- Exercise data
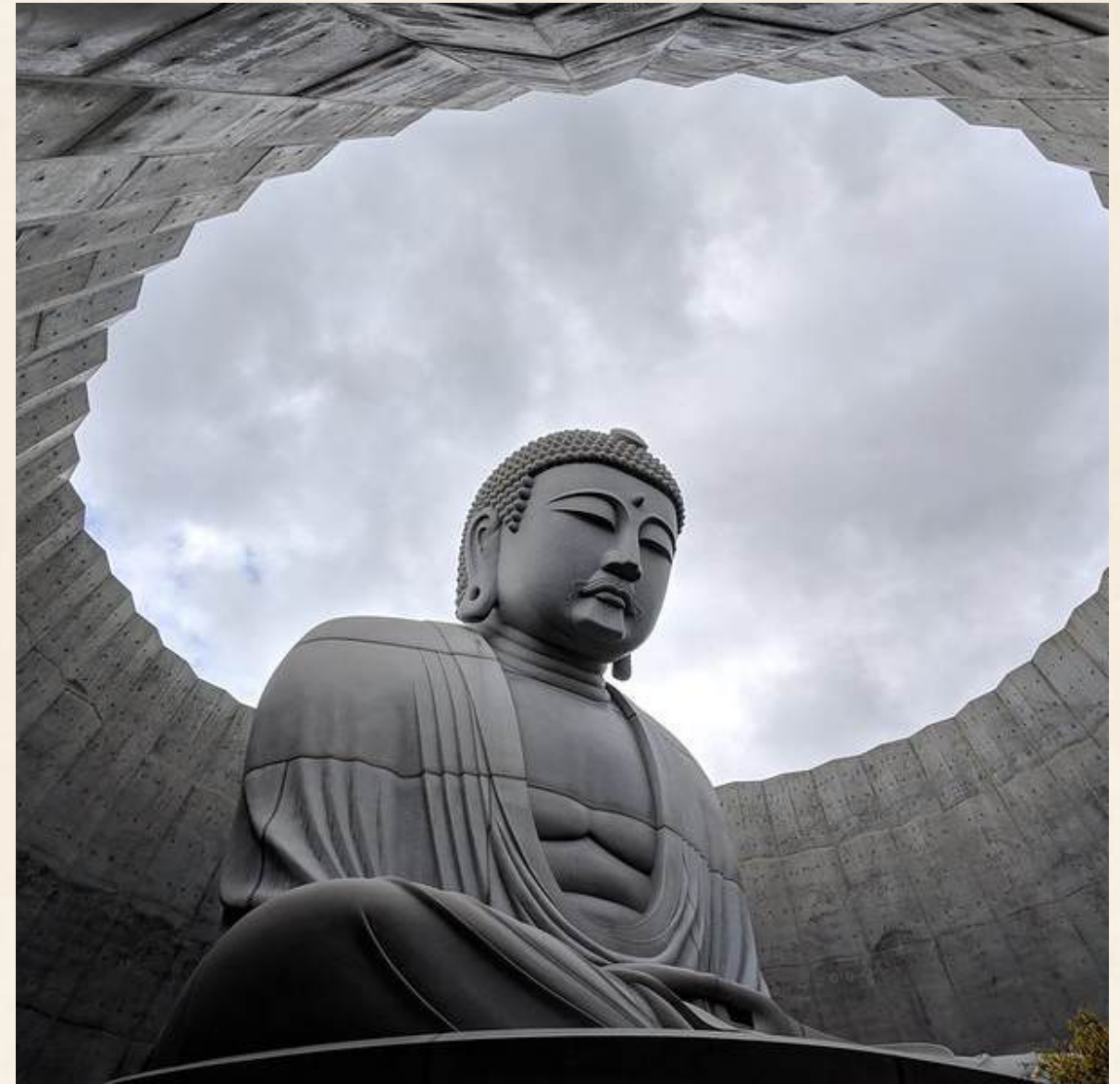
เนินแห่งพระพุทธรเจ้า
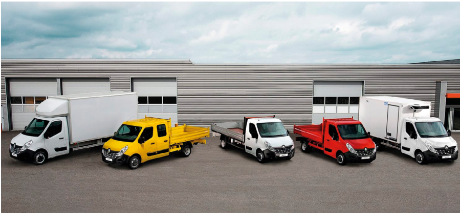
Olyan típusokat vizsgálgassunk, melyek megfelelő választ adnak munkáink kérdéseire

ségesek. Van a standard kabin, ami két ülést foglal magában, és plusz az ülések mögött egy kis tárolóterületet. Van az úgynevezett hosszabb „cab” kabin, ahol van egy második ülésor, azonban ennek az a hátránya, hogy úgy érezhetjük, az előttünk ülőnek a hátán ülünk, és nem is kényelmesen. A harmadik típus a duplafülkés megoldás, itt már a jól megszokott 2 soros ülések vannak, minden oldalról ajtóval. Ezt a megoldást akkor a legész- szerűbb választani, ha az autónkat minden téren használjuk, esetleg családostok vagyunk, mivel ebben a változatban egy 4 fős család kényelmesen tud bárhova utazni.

- Directions
Exact repeats of the lines from the first one in the data through the line containing "Olyan típusokat vizsgálgassunk, melyek" make up the answer. Pictures do not.

- Task result
เนินแห่งพระพุทธรเจ้า
Olyan típusokat vizsgálgassunk, melyek megfelelő választ adnak munkáink kérdéseire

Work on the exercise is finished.